In a groundbreaking move, Nigeria is expanding its official currency market to welcome financial technology companies (Fintechs) as legitimate participants. This development was announced by Taiwo Oyedele, a key member of President Bola Tinubu’s committee on fiscal policy and tax reforms, during the Nigerian Economic Summit on October 23. The Nigerian government is also contemplating the prohibition of trading on the foreign currency parallel market.
This decision comes as the Nigerian Naira faces challenges, with a significant drop in value against the U.S. dollar on the parallel market.

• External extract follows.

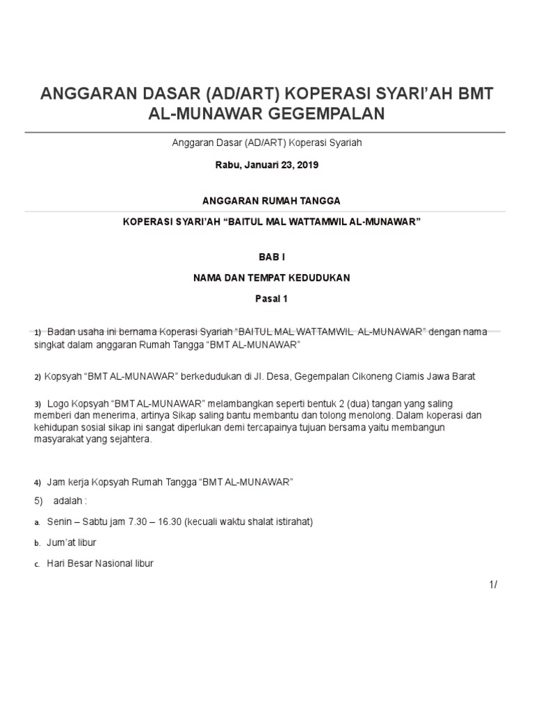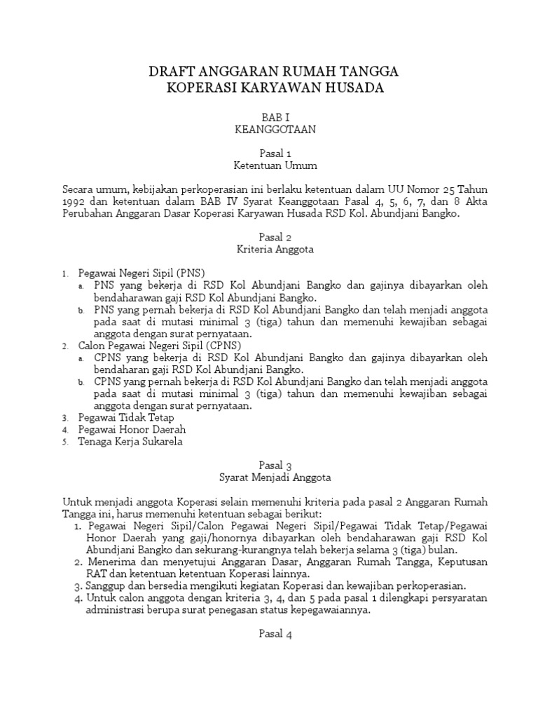 Misalnya tujuan dan kegiatan koperasi pada pasal 5 dapat anda sesuaikan. Sukaresmi rt 05 rw 02 ds. Pasal 39 1 anggota maupun anggota luar biasa yang mencemarkan nama baik dan merugikan. Dalam posting ini saya sertakan contoh anggaran dasar dan anggaran rumah tangga koperasi tetapi perlu diingat organisasi koperasi tidak serta merta bisa mengcopt paste begitu saja secara mentah ada bagian bagain sensitif yang harus diperhatikan misalnya tempat dan atribut organisasi persyaratan anggota dan pembagian shubisa jadi shu dibagi tidak dengan persentasi seperti didalam contoh. 000 seratus ribu rupiah dengan cara pembayaran sekaligus tunai atau diangsur maksimal 5 lima bulan. Koperasi ini berkedudukan di dsn.

The exchange rate on the parallel market reached 1,215 Naira for every U.S. dollar, while the official market maintained a rate of 1:795 Naira to the dollar on the same day.

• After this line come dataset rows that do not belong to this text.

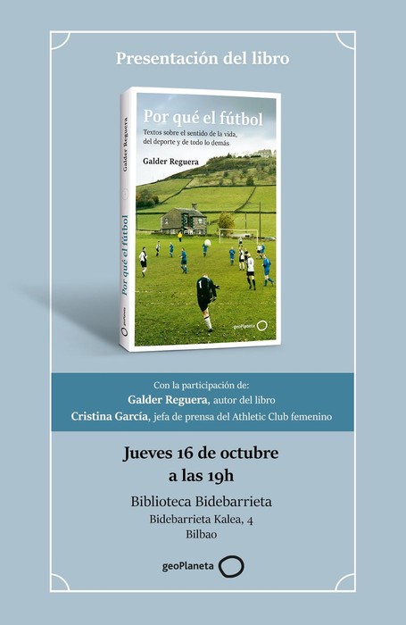 Bilbon, Bidebarrietako Liburutegiko Areto Nagusian.'Por que el futbol?'. Idazlea: Galder Reguera.
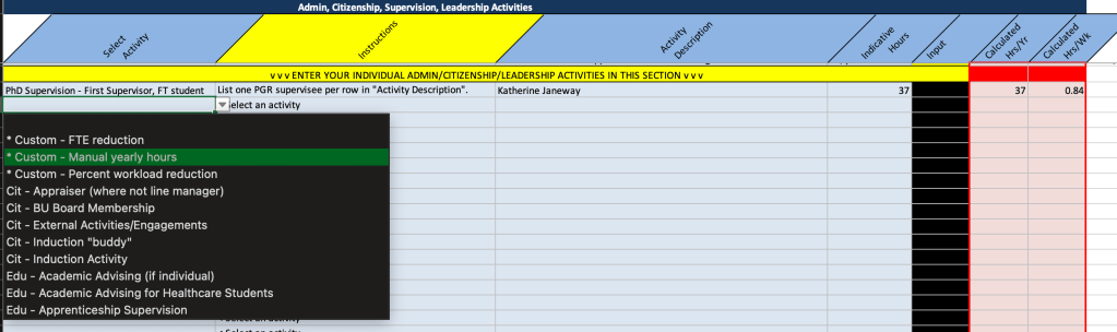 - Note: you can add custom activities that aren’t in the fixed/calculated hours list. Use this for roles/activities you can’t find elsewhere, or to add supplemental hours to a fixed-hours activity.
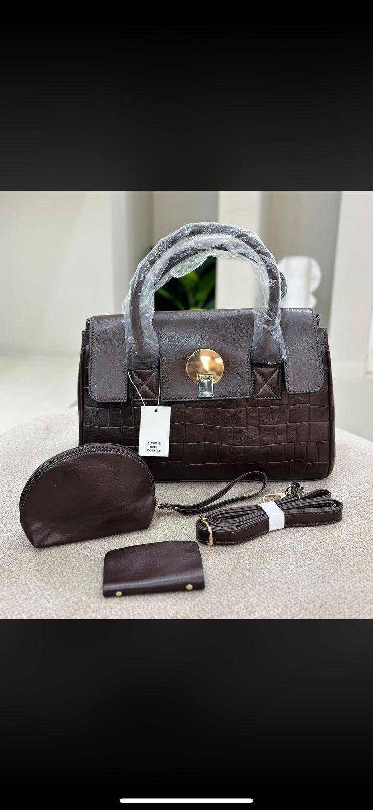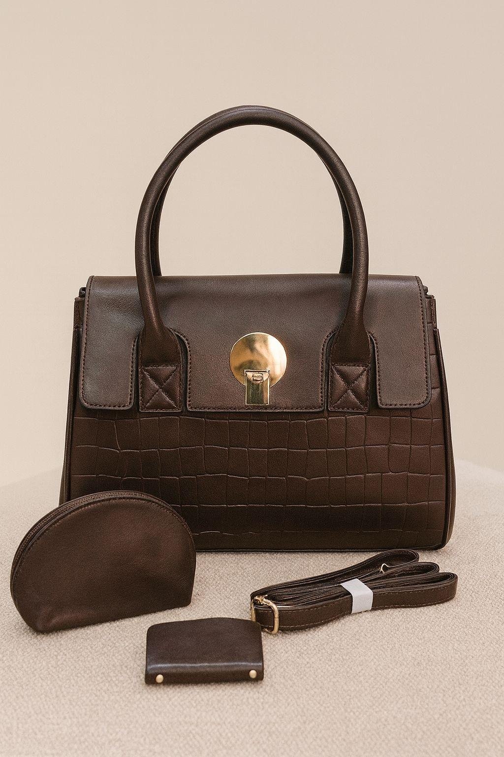 A medium-sized, structured handbag with a boxy, rectangular silhouette

This depreciation follows the recent removal of import restrictions on 43 items by the Central Bank of Nigeria (CBN) to counter the Naira’s depreciation on the parallel market.
Despite these measures, the Naira continues to weaken, raising concerns that it may surpass the 2,000 Naira per dollar mark. Taiwo Oyedele attributes this decline to the market’s inadequate liquidity, stating, “We currently have a market that is not working, and it’s not going to work in its current format. We don’t have sufficient liquidity, even if you combine the parallel and official markets.”
In parallel to these developments, Nigerian Finance Minister Wale Edun has disclosed expectations of foreign currency inflows totaling $10 billion within the next few weeks. However, specific details about these anticipated inflows remain undisclosed, with Edun referring to them as a “line of sight.”
This move to include Fintechs in the official currency market signals a significant shift in Nigeria’s financial landscape and may have far-reaching implications for the country’s economic stability and foreign exchange markets.